At 25°C, 20.0 mL of 0.2 M weak monoprotic acid HX is titrated against 0.2 M NaOH. The pH of the solution (a) at the start of the titration (when NaOH has not been added) and (b) when 10 mL of NaOH is added respectively, are :
Given: $$K_a = 5 \times 10^{-4}$$,
$$pK_a = 3.3$$,
$$\alpha \ll 1$$

(a) Initial pH (before adding NaOH)

Molar concentration of the weak acid $$HX$$ is $$C = 0.2\;{\rm M}$$ and its acid-dissociation constant is $$K_a = 5 \times 10^{-4}$$.
Because the acid is weak and the degree of ionisation is small (given $$\alpha \ll 1$$), we can use the approximation

$$[H^+] = \sqrt{K_a\,C}$$

Substituting the values:

$$[H^+] = \sqrt{(5 \times 10^{-4})(0.2)} = \sqrt{1.0 \times 10^{-4}} = 1.0 \times 10^{-2}\;{\rm M}$$

Hence

$$\text{pH} = -\log(1.0 \times 10^{-2}) = 2.0$$

(b) pH after adding 10.0 mL of 0.2 M NaOH

Step 1: Calculate moles before reaction.
Moles of $$HX$$ initially:

$$n_{HX}^{\,\text{initial}} = 0.2\;{\rm M} \times 20.0{\rm \,mL} = 0.2 \times 0.020 = 0.004\;{\rm mol}$$

Moles of $$NaOH$$ added:

$$n_{NaOH} = 0.2\;{\rm M} \times 10.0{\rm \,mL} = 0.2 \times 0.010 = 0.002\;{\rm mol}$$

Step 2: Perform the neutralisation reaction $$HX + OH^- \rightarrow X^- + H_2O$$.
Since $$n_{OH^-} = \frac{1}{2}\,n_{HX}^{\,\text{initial}}$$, one-half of the acid is neutralised.

After reaction:

Unreacted $$HX$$: $$0.004 - 0.002 = 0.002\;{\rm mol}$$
Formed salt $$NaX$$: $$0.002\;{\rm mol}$$

Step 3: Find concentrations in the final volume.
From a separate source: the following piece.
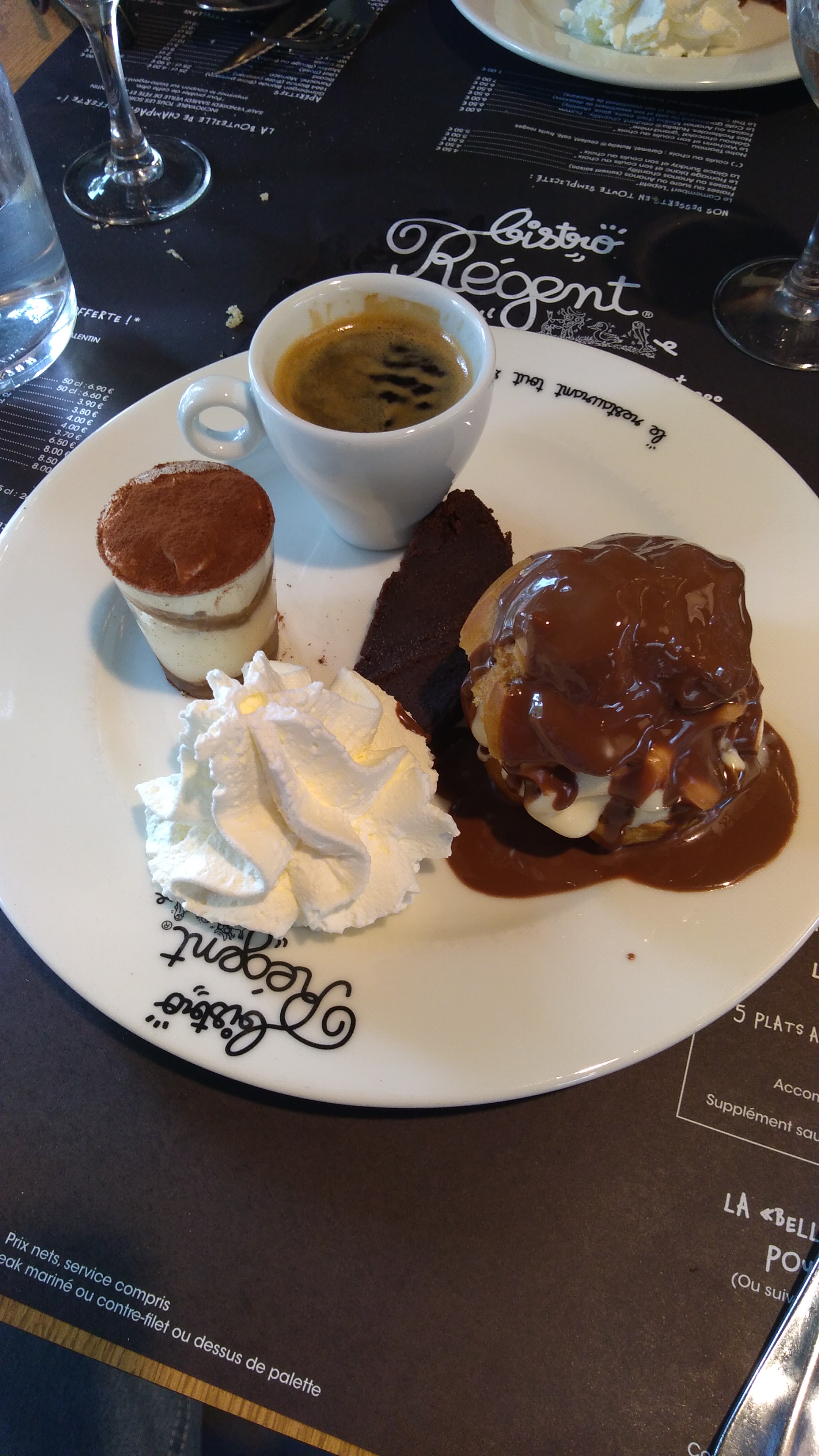 Pas mal service sympa pas cher mais desserts pas terrible surtout profiteroles surgelées de basse qualité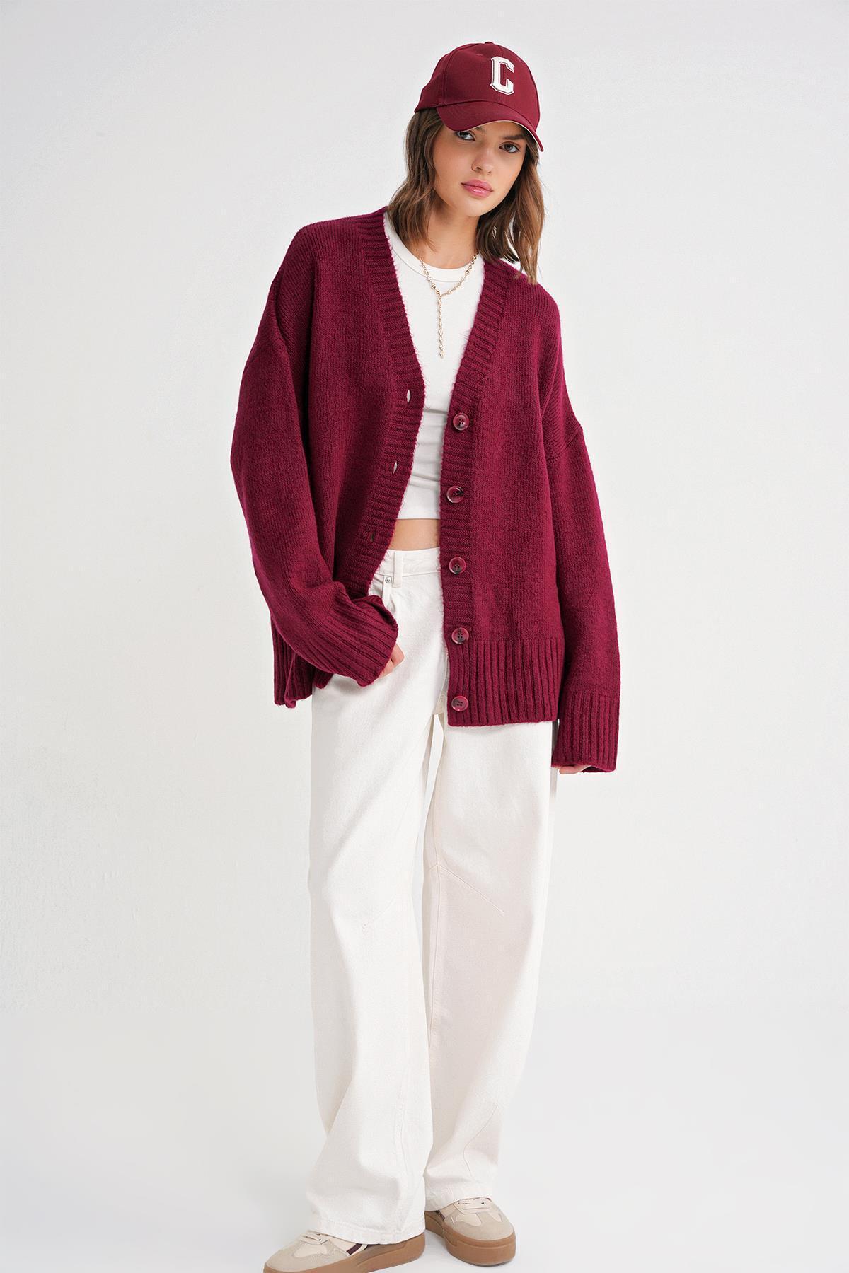 6927 Kadın Yumuşak Dokulu Salaş Basic Triko Hırka Bordo 6927 Kadın Yumuşak Dokulu Salaş Basic Triko Hırka Bordo K24HRK6927 Standart

Final volume $$V_{\text{final}} = 20.0{\rm \,mL} + 10.0{\rm \,mL} = 30.0{\rm \,mL} = 0.030{\rm \,L}$$

$$[HX] = \frac{0.002}{0.030} = 0.0667\;{\rm M}$$
$$[X^-] = \frac{0.002}{0.030} = 0.0667\;{\rm M}$$

Step 4: Use the Henderson-Hasselbalch equation for the buffer $$HX/X^-$$:

$$\text{pH} = pK_a + \log\frac{[X^-]}{[HX]}$$

Because $$[X^-] = [HX]$$, the logarithmic term is zero:

$$\text{pH} = pK_a = 3.3$$

Results
(a) $$\text{pH} = 2.0$$; (b) $$\text{pH} = 3.3$$

Therefore the correct choice is Option B which is: (a) 2.0, (b) 3.3.